Next, we check differentiability by computing \( f'(x) \) in each piece:

\[ f'(x) = \begin{cases} 1 + 2x, & x > 1, \\ 3x^2, & x < 1. \end{cases} \]

We do not yet include \( x = 1 \) in the derivative definitions, as differentiability remains to be checked.

We now compute the left-hand limit (LHL) and right-hand limit (RHL) of \(f'\) at \( x = 1 \), that are equal to LHD and RHD of \(f\) at \(x=1\):

\[ \lim_{x \to 1^-} f'(x) = \lim_{x \to 1^-} 3x^2 = 3(1)^2 = 3, \]

\[ \lim_{x \to 1^+} f'(x) = \lim_{x \to 1^+} (1 + 2x) = 1 + 2(1) = 3. \]

Since \( \text{LHD} = \text{RHD} \), the function is differentiable at \( x = 1 \), and we can now write the full derivative:

\[ f'(x) = \begin{cases} 1 + 2x, & x > 1, \\ 3x^2, & x \le 1, \\ \end{cases} \]

Thus, \( f(x) \) is differentiable at \( x = 1 \), and this transition point does not contribute to non-differentiability. However, for any piecewise function, checking differentiability at transition points is essential.

Using Graphs of Functions

A highly effective method for identifying points of non-differentiability is by analyzing the graph of the function. This approach is particularly useful when the graph is simple or can be constructed using transformations such as shifting, reflection, or scaling.

Key indicators of non-differentiability from a graph include:

Sharp corners: The function changes direction abruptly, causing the left-hand derivative and right-hand derivative to be different.
Cusps: The function has an abrupt point where the derivative approaches infinity from one side and negative infinity from the other.
Vertical tangents: The derivative tends to infinity at a point, making the function non-differentiable there. We know that the grpah of inverse function of a function can be obtained by reflecting the graph the given fucntion in the line \(y=x\).

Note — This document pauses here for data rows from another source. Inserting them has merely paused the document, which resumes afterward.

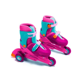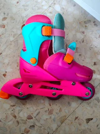 Patines infantiles con un diseño divertido en colores rosa y turquesa. Son ajustables para adaptarse al crecimiento del pie. - Cierre de hebilla. - Ruedas resistentes. - Talla de la 31 a la 34. - Se puede poner en linea o como salen en la foto.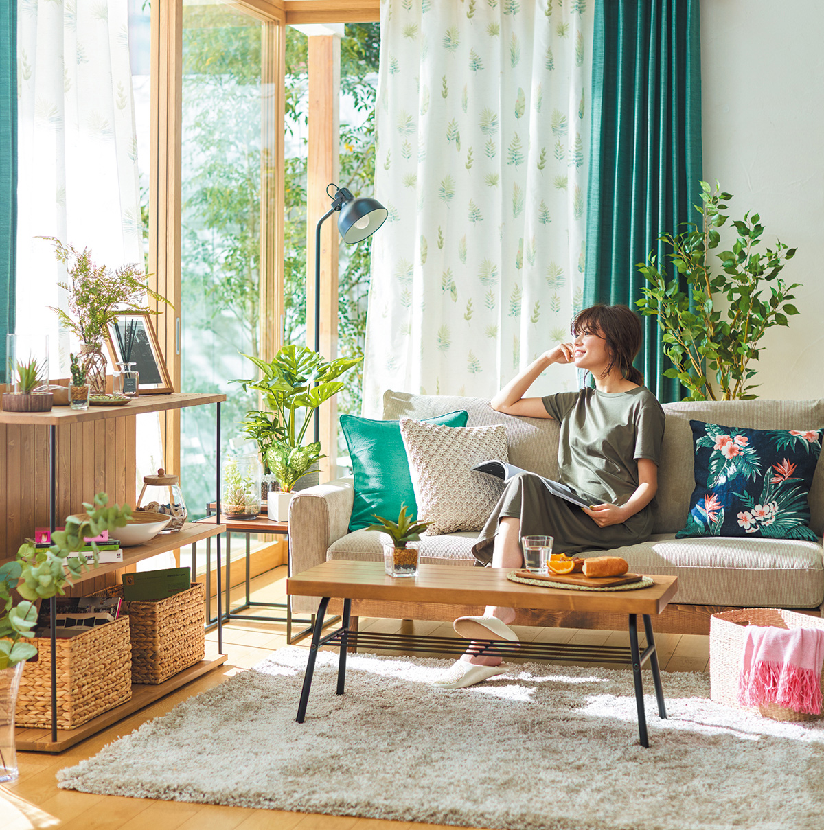 グリーンをベースにした鮮やかで開放感に溢れた雰囲気が気持ちいい。ニトリなら夏らしいアイテムが豊富に揃っているから、目指すコーディネートが簡単に叶う!トロピカルな要素を少し加えて、遊び心のアクセントも忘れずに。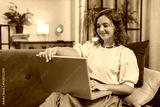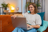 Young woman freelancer at home living room sitting on sofa couch, opens laptop. Portrait of girl works on notebook, sends messages, makes online purchases, watching movies, study. Lifestyles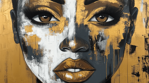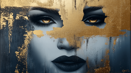 Se fulde detaljerTapet kunstnerisk ansigt | Iøjnefaldende portræt med gyldne strejf

When a function \(f\) is horizontal, its reflection in \(y=x\) will be vertical.
Discontinuities: As previously discussed, if a function is discontinuous at a point, it is automatically non-differentiable there.

This method is particularly advantageous for quickly identifying non-differentiability in functions where algebraic methods are cumbersome. By recognizing standard transformations of known graphs, we can determine non-differentiability efficiently.

Using Our Knowledge of Elementary Functions

Another efficient method for identifying points of non-differentiability is by leveraging our understanding of elementary functions. Certain well-known classes of functions possess inherent differentiability properties, which allow us to rule out the need for detailed analysis in many cases.

Polynomial functions: Any polynomial function of the form

\[ f(x) = a_n x^n + a_{n-1} x^{n-1} + \dots + a_1 x + a_0 \]

is differentiable everywhere in \( \mathbb{R} \). Since polynomials are smooth and continuous for all real numbers, they have no points of non-differentiability.
Exponential functions: Functions of the form

\[ f(x) = a^x, \quad a > 0, \, a \neq 1 \]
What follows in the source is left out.